Depending on your recovery progress, you may continue to wear a splint or brace for a month or so after surgery until you are fully healed. It's important to avoid heavy lifting and strenuous movements during this time.

When to Call a Healthcare Provider

Complications from carpal tunnel surgery are uncommon but can occur. Call your healthcare provider immediately if you experience any of the following:

  • High fever (over 101.5 degrees F) with chills
  • Increasing redness, pain, heat, or swelling at the surgical site
  • A foul-smelling, pus-like discharge from the wound


Your surgeon will refer you to an occupational therapist who will perform soft tissue massage around where the sutures were to reduce post-operative swelling.

To better cope with recovery and return to pre-treatment state, physical therapy should also be pursued as soon as the sutures are removed. The physical therapist can help restore strength and range of motion with gentle exercises, which can also reduce scarring and scar sensitivity.

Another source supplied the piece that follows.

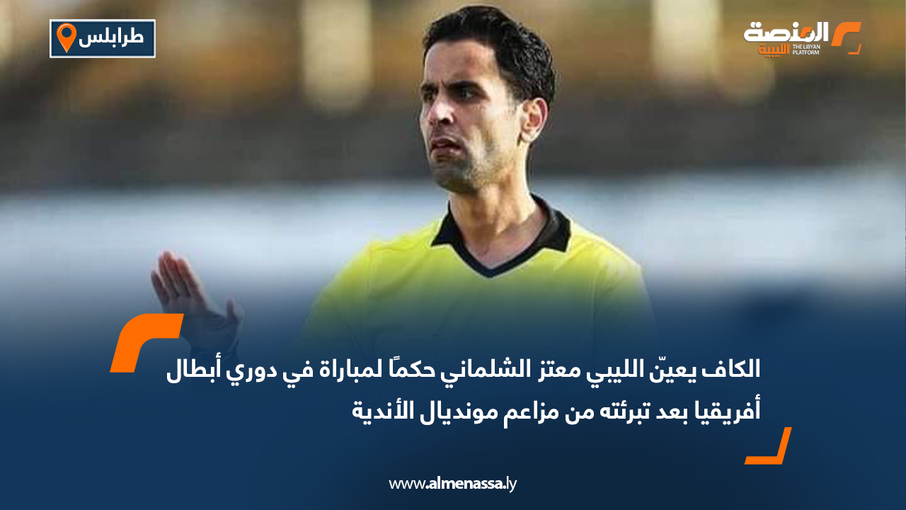 رياضة الكاف يعيّن الليبي معتز الشلماني حكمًا لمباراة في دوري أبطال أفريقيا بعد تبرئته من مزاعم مونديال الأندية اقرأ المزيد » 2025-10-08

Your physical therapist can also teach you simple exercises you can perform on your own while watching TV or sitting at your desk. These include:

  • Wrist extension stretch, in which you extend the arm with your palm down, grab the front of your fingers with the opposite hand, and gently pull them back to extend the wrist
  • Wrist flexion stretch, in which you extend the arm with your palm up, grab the back of your fingers with the opposite hand, and gently pull them back to flex the wrist

According to the American Academy of Orthopedic Surgeons, rehabilitation efforts should continue for three to four weeks after the sutures are removed and continue thereafter as maintenance therapy.